The lung cavities can be obscured by surrounding tissue of similar gray value, and some neighboring structures may induce strong edges in close proximity to the lung boundaries. Indeed, largely changing lung shapes and the lung’s weak or fuzzy edges make the boundaries hard to be distinguished, even in the absence of prominent neighboring structures. Although, some correct boundary information can be partially extracted from the adjacent slices, but the segmentation algorithm must be selected carefully to prevent the weak-edge leakage problem.

Therefore, in contrast to both previous methods i.e. [7] and [12] which used parametric active contours, our proposed algorithm exploited a geometric based active contour model. Geometric active contours have shown several advantages over parametric active contours, such as computational simplicity and the ability to change curve topology during deformation. On the other hand, although, geometric based deformable models had brought tremendous impacts on shape representation and analysis in medical image analysis, some problems remain including the handling of boundary leakage and the lack of global understanding of boundaries.

Thus, in this paper, we utilized a robust geometric-based active contour which could significantly improve the active contour performance in capturing complex geometries and dealing with difficult initialization, weak edges and broken boundaries. This model integrates the gradient flow forces with region constraints provided by FCM region generation algorithm. The FCM approach was straightforward to implement and had fixed parameters, but most importantly it allowed us to segment the images.

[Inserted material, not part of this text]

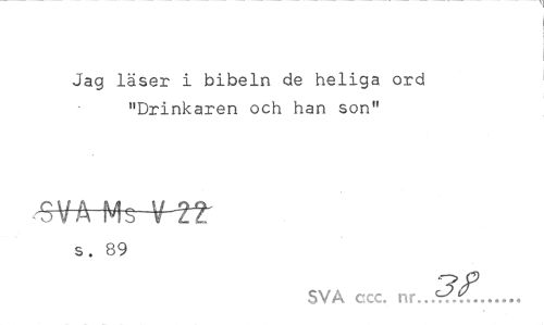 //// Jag läser i bibeln de heliga ord "Drinkaren och han son" //// s. 89 //// SVA ccc. nr...v... ////

Experimental results show that the proposed model not only is much more robust toward the lung weak edges, but also has better convergence quality. This can be clearly seen from our results, which are superior to those of previous works [7] and [12]. There were, however, a couple of lower lung region slices being at the bottom of lungs that could not be segmented as accurately as could be the other slices. This problem was mainly due to the fact that the lung cavities tend to be poorly represented in these extreme slices. Overall, as is evident from Figs. 5, 6, 7 and 8, the proposed method is robust enough to efficiently deal with pronounced lung cavities and different shapes for each lung.

We consider our proposed method’s results to be highly encouraging. Efforts were made to reduce the amount of a priori knowledge used, so as to keep the method as generic as possible. This makes our method worth serious consideration for further development as an automated tool for image segmentation in medicine. Since, after the segmentation step, several 2D shapes representing the lung regions at different levels (slices) are available, the future work will include the extension of the proposed method to 3D for the analysis of the complete MR data set toward a more efficient treatment planning system.